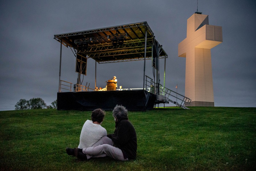 Read moreVictoria Bittle and her grandmother Alice Stearns watch a sunrise Easter service, one that typically sees thousands of people annually but was closed to the public this year and moved to a television broadcast, in Alto Pass, Illinois, on April 12, 2020. #
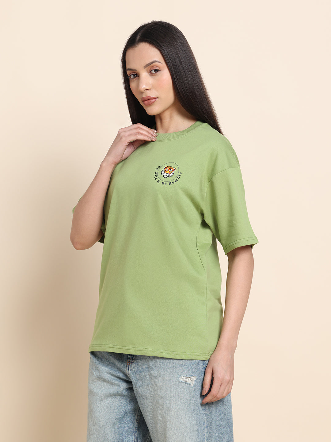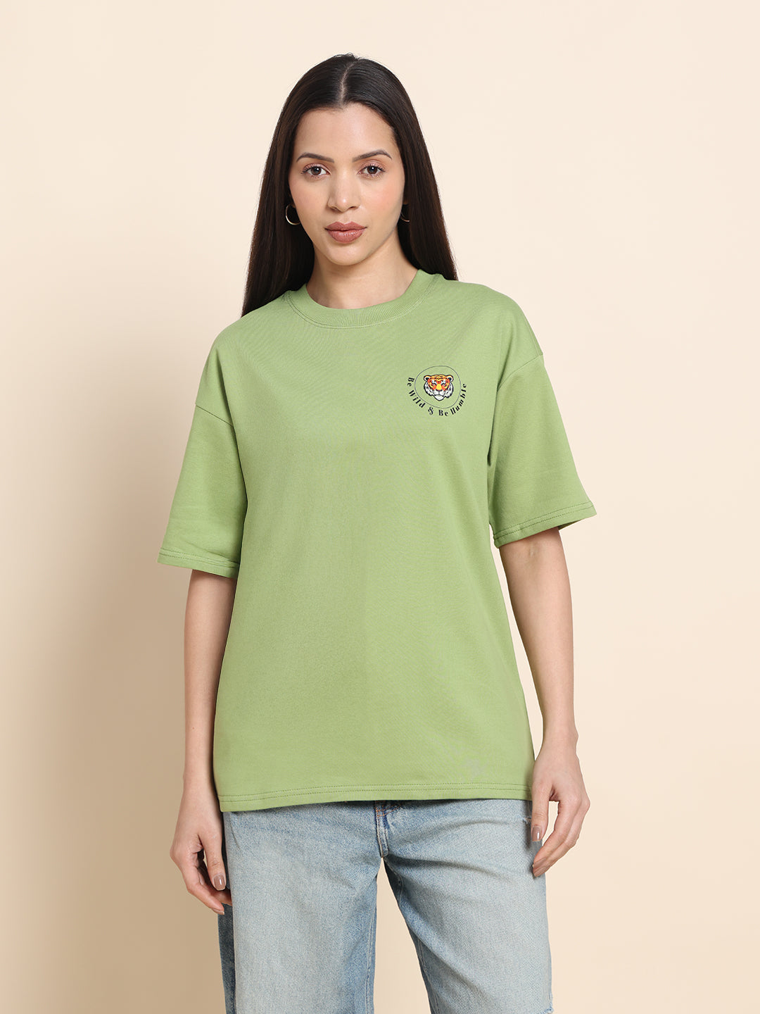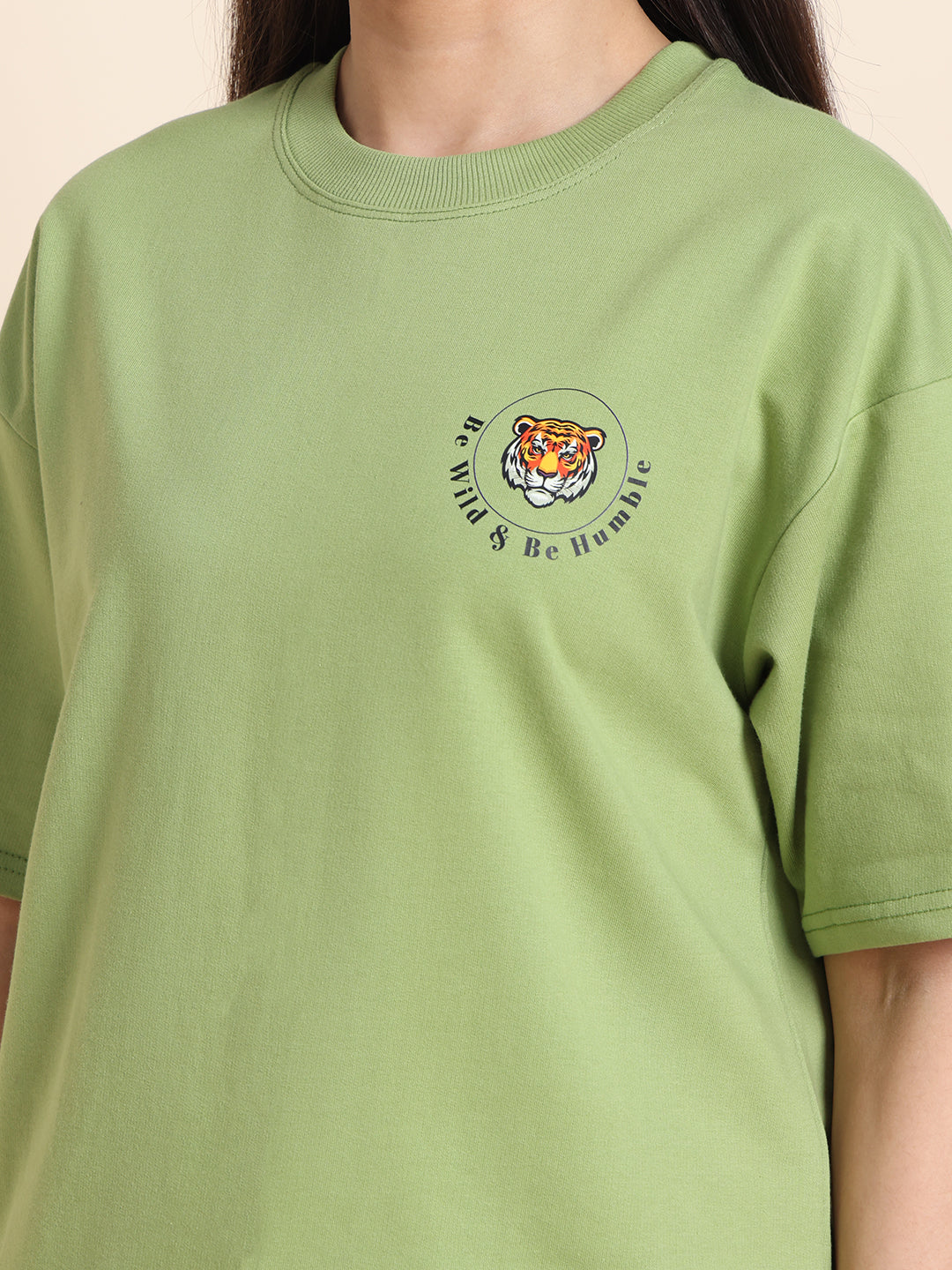 Unleash your bold and fearless style with this oversized French Terry cotton T-shirt in a stunning green shade. Crafted from premium 240 GSM fabric, this tee offers a perfect balance of comfort, durability, and breathability. The fierce tiger print with the empowering phrase "Be Wild & Be Humble" makes this a statement piece for those who love fashion with meaning.
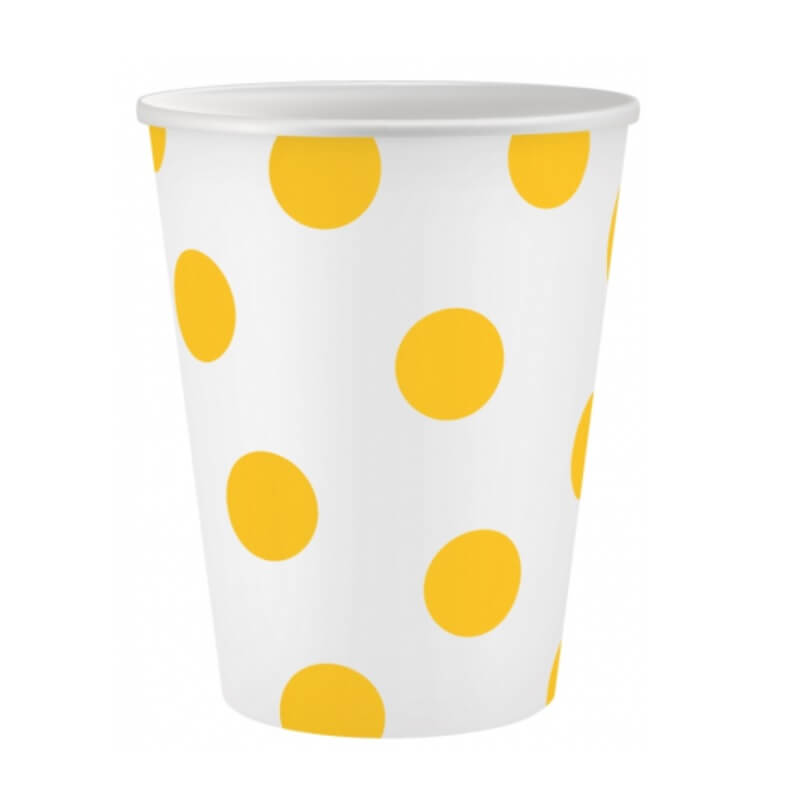 Kubeczki papierowe w Groszki żółte 6 szt.

- Exercise objective
The answer should be the complete listing, set down exactly, without pictures.

- Output
 Read moreVictoria Bittle and her grandmother Alice Stearns watch a sunrise Easter service, one that typically sees thousands of people annually but was closed to the public this year and moved to a television broadcast, in Alto Pass, Illinois, on April 12, 2020. #
 Unleash your bold and fearless style with this oversized French Terry cotton T-shirt in a stunning green shade. Crafted from premium 240 GSM fabric, this tee offers a perfect balance of comfort, durability, and breathability. The fierce tiger print with the empowering phrase "Be Wild & Be Humble" makes this a statement piece for those who love fashion with meaning.
 Kubeczki papierowe w Groszki żółte 6 szt.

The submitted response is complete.